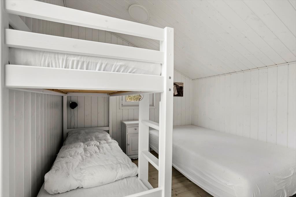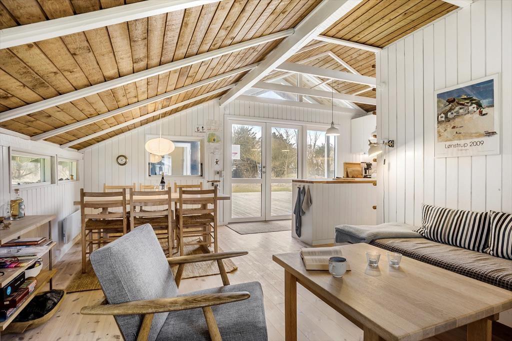 Inden døre bliver du budt velkommen af en hyggelig og hjemlig sommerhusstemning. Her er der loft til kip, træbeklædte vægge og et indbydende opholdsrum, hvor stue og køkken ligger i åben forbindelse. Brændeovnen skaber en dejlig varme på de køligere dage, og de store vinduer lukker masser af naturligt lys ind, så du får en fornemmelse af at have naturen helt tæt på. De bløde sofaer indbyder til afslapning, mens spisebordet samler familien til hyggelige måltider og lange samtaler. Sommerhuset har flere gode soveværelser, så alle kan finde sig godt til rette efter en dag med feriesysler.
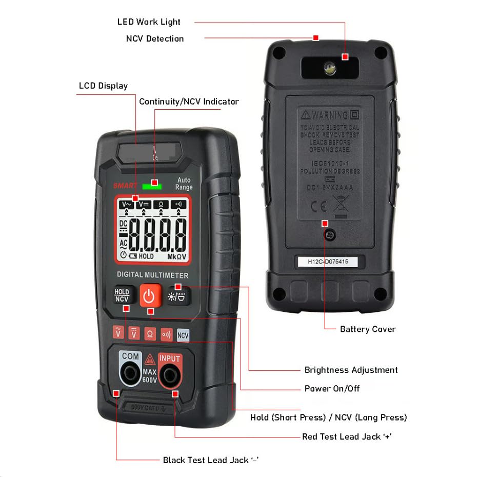 - All-Button Design: Designed for ease of use, our multimeter features an all-button interface (no switch), allowing for quick and easy one-handed operation.
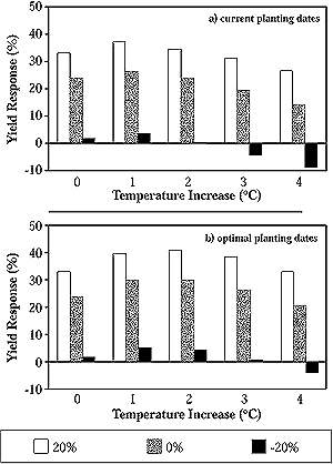 Howden et al. (1999c) report a comprehensive study of global change impacts on Australian wheat cropping. Studies were conducted of changes in wheat yields, grain quality, and gross economic margins across 10 sites in the present Australian wheat belt. Results were scaled up to provide national estimates, with and without varying planting dates. Response surfaces were constructed across the full range of uncertainty in the CSIRO (1996a) scenarios and are shown in bar-graph form in Figure 12-3. The estimated increase in yield resulting from physiological effects of a doubling of actual atmospheric CO2 is about 24%. The analysis assumes that the regional distribution of cropping is unaffected. (This is not completely accurate, but changes at the margins of present areas would not change the total yield much.) The best variety of wheat is used under each scenario, with current planting dates (a) and optimal planting dates (b) for each scenario. Note that yield reaches a maximum at about 1°C warming with current planting dates but about 2°C with optimal planting dates and that yield drops rapidly with decreases in rainfall. Under the SRES scenarios, warming in Australian wheat-growing areas would exceed 2°C and could be well in excess of 6°C by 2100; actual CO2 concentrations could be between 540 and 970 ppm.
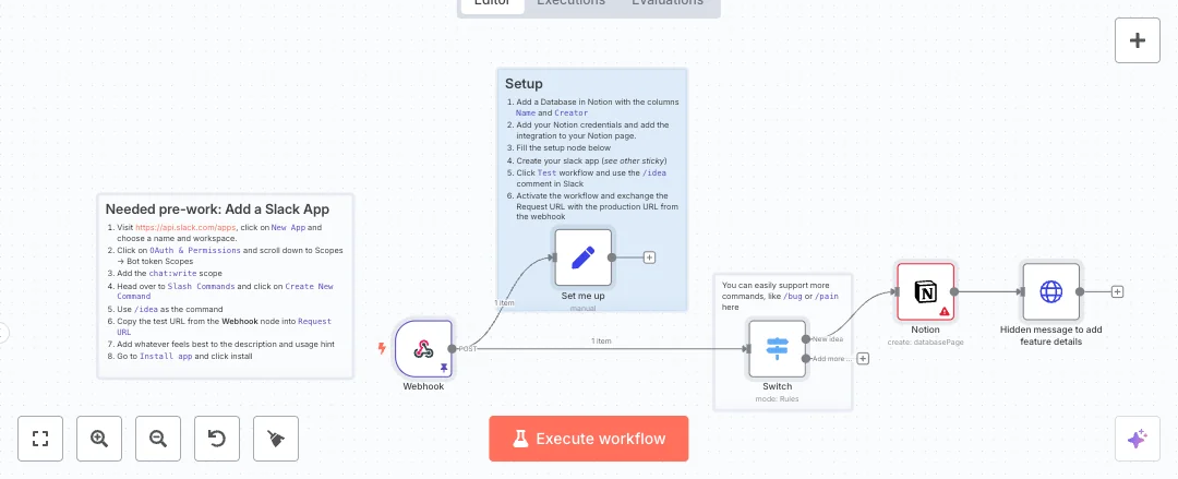 Set up a Notion database with Name and Creator, and create a Slack app with chat write and a slash command. Connect your Notion account in n8n, drop in the database URL, and try a test run from Slack. Expect faster intake, fewer missed ideas, and a clear record in one place. Useful for product ideas, customer pain notes, and quick bug reports.
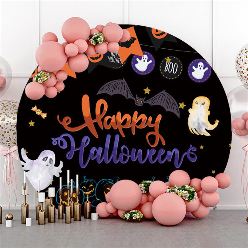 Schläger Kürbis Und Geist Glücklich Halloween Kreis Hintergrund
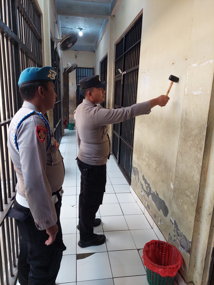 Polres bersama piket Jaga tahanan mengecek secara keseluruhan kondisi ruang
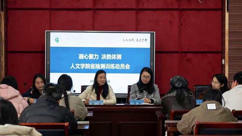 为全面提升学生体质健康水平,迎接即将到来的浙江省大学生体质健康测试,人文学院于3月19日在13-509会议室召开省抽测训练动员会。学院教学副院长黄乐、学院党委副书记谭珊、辅导员以及23级学生代表参加了会议。
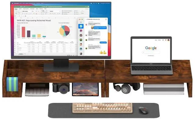 Ergonomic Comfort & Posture SupportThis 30"Long dual monitor stand riser elevates your screen to an ideal eye level, effectively reducing neck, shoulder and eye strain during long work or study sessions, helping you maintain healthy posture and all-day comfort ^^ Integrated Storage & Pen Holders for Tidy DesktopsDesigned with built-in storage and pen holders, this desk organizer neatly stores pens, notes, small office supplies and accessories, keeping your desktop clutter-free and maximizing valuable desk space ^^ Sturdy Rustic Wooden Construction & Stylish LookCrafted from quality solid wood with a classic rustic brown finish, this monitor and laptop stand provides stable, wobble-free support for long-lasting durability.
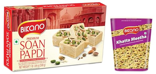 Bikano Khatta Meetha, 1kg & Bikano Soan Papdi, Milk 500 Gm Extra 20% (500g+100g Extra)

Exercise aim - Each of the lines above should be transcribed exactly; no image is to be copied.

Answer box -
 Inden døre bliver du budt velkommen af en hyggelig og hjemlig sommerhusstemning. Her er der loft til kip, træbeklædte vægge og et indbydende opholdsrum, hvor stue og køkken ligger i åben forbindelse. Brændeovnen skaber en dejlig varme på de køligere dage, og de store vinduer lukker masser af naturligt lys ind, så du får en fornemmelse af at have naturen helt tæt på. De bløde sofaer indbyder til afslapning, mens spisebordet samler familien til hyggelige måltider og lange samtaler. Sommerhuset har flere gode soveværelser, så alle kan finde sig godt til rette efter en dag med feriesysler.
 - All-Button Design: Designed for ease of use, our multimeter features an all-button interface (no switch), allowing for quick and easy one-handed operation.
 Howden et al. (1999c) report a comprehensive study of global change impacts on Australian wheat cropping. Studies were conducted of changes in wheat yields, grain quality, and gross economic margins across 10 sites in the present Australian wheat belt. Results were scaled up to provide national estimates, with and without varying planting dates. Response surfaces were constructed across the full range of uncertainty in the CSIRO (1996a) scenarios and are shown in bar-graph form in Figure 12-3. The estimated increase in yield resulting from physiological effects of a doubling of actual atmospheric CO2 is about 24%. The analysis assumes that the regional distribution of cropping is unaffected. (This is not completely accurate, but changes at the margins of present areas would not change the total yield much.) The best variety of wheat is used under each scenario, with current planting dates (a) and optimal planting dates (b) for each scenario. Note that yield reaches a maximum at about 1°C warming with current planting dates but about 2°C with optimal planting dates and that yield drops rapidly with decreases in rainfall. Under the SRES scenarios, warming in Australian wheat-growing areas would exceed 2°C and could be well in excess of 6°C by 2100; actual CO2 concentrations could be between 540 and 970 ppm.
 Set up a Notion database with Name and Creator, and create a Slack app with chat write and a slash command. Connect your Notion account in n8n, drop in the database URL, and try a test run from Slack. Expect faster intake, fewer missed ideas, and a clear record in one place. Useful for product ideas, customer pain notes, and quick bug reports.
 Schläger Kürbis Und Geist Glücklich Halloween Kreis Hintergrund
 Polres bersama piket Jaga tahanan mengecek secara keseluruhan kondisi ruang
 为全面提升学生体质健康水平,迎接即将到来的浙江省大学生体质健康测试,人文学院于3月19日在13-509会议室召开省抽测训练动员会。学院教学副院长黄乐、学院党委副书记谭珊、辅导员以及23级学生代表参加了会议。
 Ergonomic Comfort & Posture SupportThis 30"Long dual monitor stand riser elevates your screen to an ideal eye level, effectively reducing neck, shoulder and eye strain during long work or study sessions, helping you maintain healthy posture and all-day comfort ^^ Integrated Storage & Pen Holders for Tidy DesktopsDesigned with built-in storage and pen holders, this desk organizer neatly stores pens, notes, small office supplies and accessories, keeping your desktop clutter-free and maximizing valuable desk space ^^ Sturdy Rustic Wooden Construction & Stylish LookCrafted from quality solid wood with a classic rustic brown finish, this monitor and laptop stand provides stable, wobble-free support for long-lasting durability.
 Bikano Khatta Meetha, 1kg & Bikano Soan Papdi, Milk 500 Gm Extra 20% (500g+100g Extra)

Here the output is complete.